Sometimes a piece of kit comes along that you’re just willing to be as good as it looks in the publicity shots. Loupedeck almost lives up to those expectations.
It’s a control console for Adobe Lightroom, the workflow software used by the vast majority of professional and enthusiast photographers that I know of. Instead of using a mouse and traditional keyboard to adjust sliders and tweak settings, the deck allows you to make adjustments to photos by twiddling dedicated knobs and sliders.
Want to punch up the brightness of a photo? Spin the exposure knob to the right. Quickly convert a photo to black and white? There’s a button for that. Boost the saturation of the grass in your landscape? Tap the Sat button and flick the dedicated green channel scroll wheel upwards. It’s an enormously satisfying experience, as if you’re remastering your photos like Fatboy Slim behind the deck.

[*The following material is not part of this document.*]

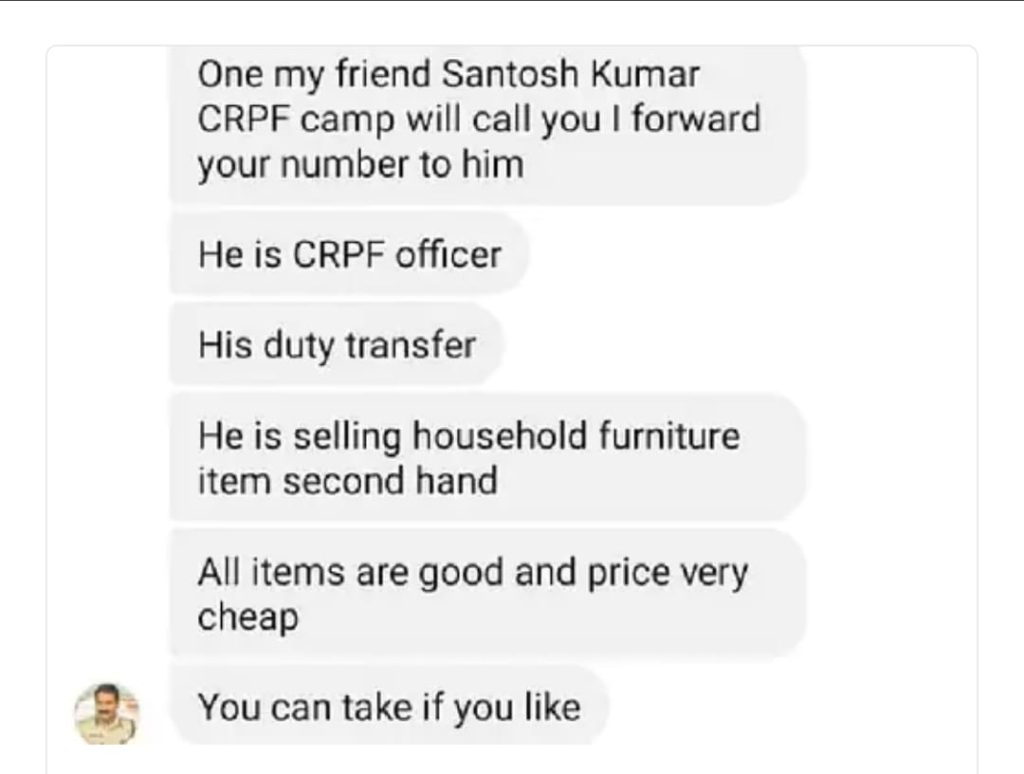 इसका एक स्क्रीनशॉट वायरल हो रहा है जिसमें उसने मैसेज कर कहा” मेरा एक मित्र संतोष कुमार सीआरपीएफ कैंप से आपको कॉल करेगा। मैं आपका नंबर उसे फॉरवर्ड कर दूंगा। वह सीआरपीएफ अधिकारी है। उसकी ड्यूटी ट्रांसफर हो गई है। वह घरेलू फर्नीचर का सामान सेकंड हैंड बेच रहा है। सभी सामान अच्छे हैं और कीमत भी बहुत सस्ती है। आप चाहें तो ले सकते हैं।”
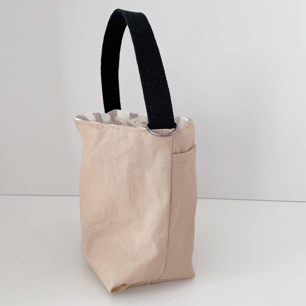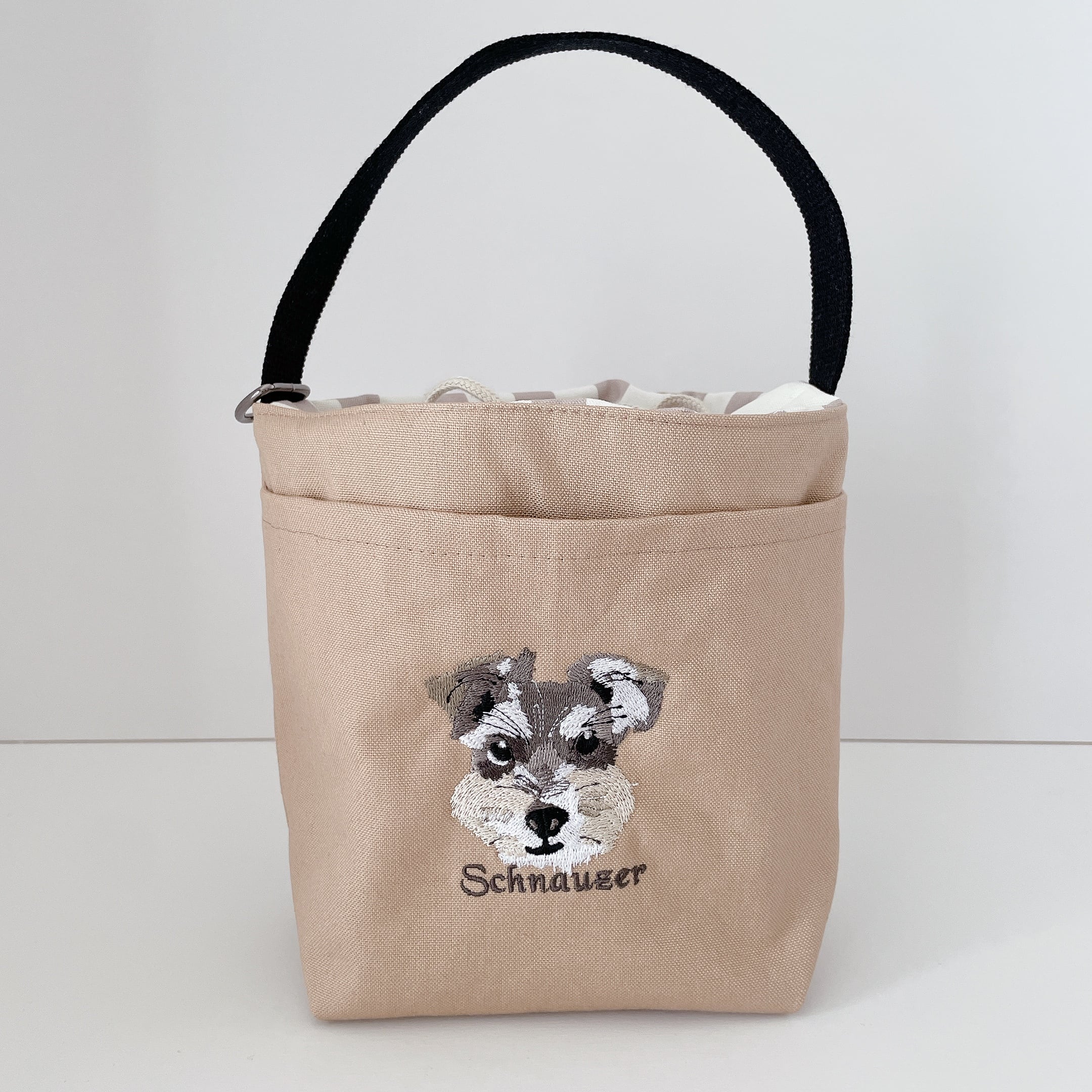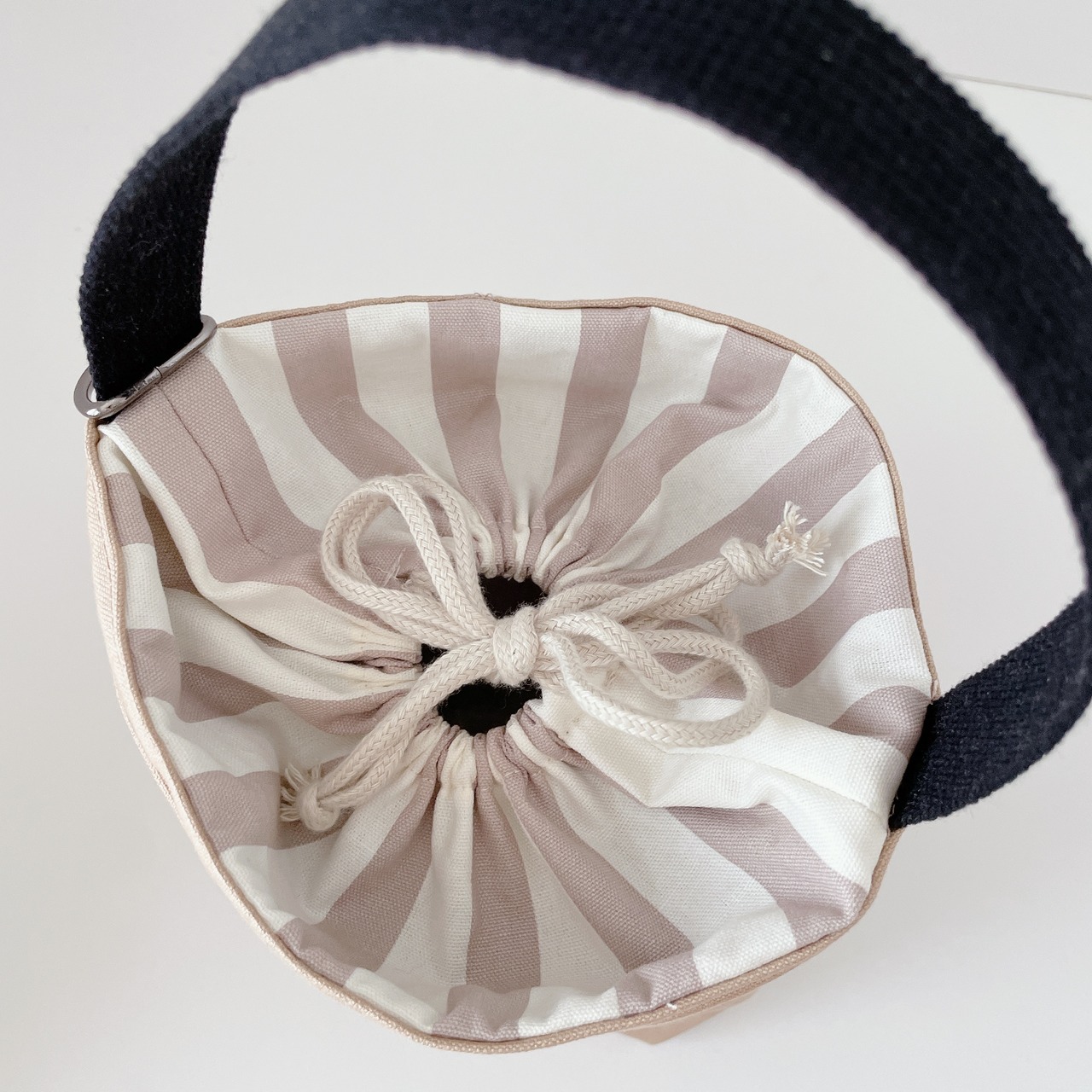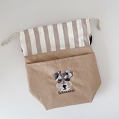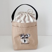 開口部は巾着です。巾着分ゆったりと使用できますので、500mlのペットボトルも中に入れてお散歩できます♩

Loupedeck’s great strength is that it encourages you to tweak settings that you might otherwise ignore because they’re buried in Lightroom’s Develop panel. Being able to fine-tune the hue, saturation and luminescence of eight separate colour channels, for example, is not something I’ve previously bothered with all that much, but with the eight separate scroll wheels to hand, I found myself boosting a lifeless landscape I’d previously discarded into something I’m now proud to hang on my wall.
It’s not only editing controls that Loupedeck offers. It’s just as effective for refining your selection of photos once you’ve imported a shoot into Lightroom’s Library. There are dedicated buttons to give each of your photos a star rating out of five, while the Pick button lets you flag a photo as a keeper. The arrow keys in the bottom-right-corner, meanwhile, let you scroll through the collection.
You’ll still need the mouse at hand to ease navigation through menus, but I soon settled into a workflow with Loupedeck under my left hand and the mouse in my right, and it was far smoother than using a regular keyboard – perhaps partly because I’ve never bothered to properly learn Lightroom’s keyboard shortcuts. The only time I reached for the regular keyboard was when I needed to name a file for export.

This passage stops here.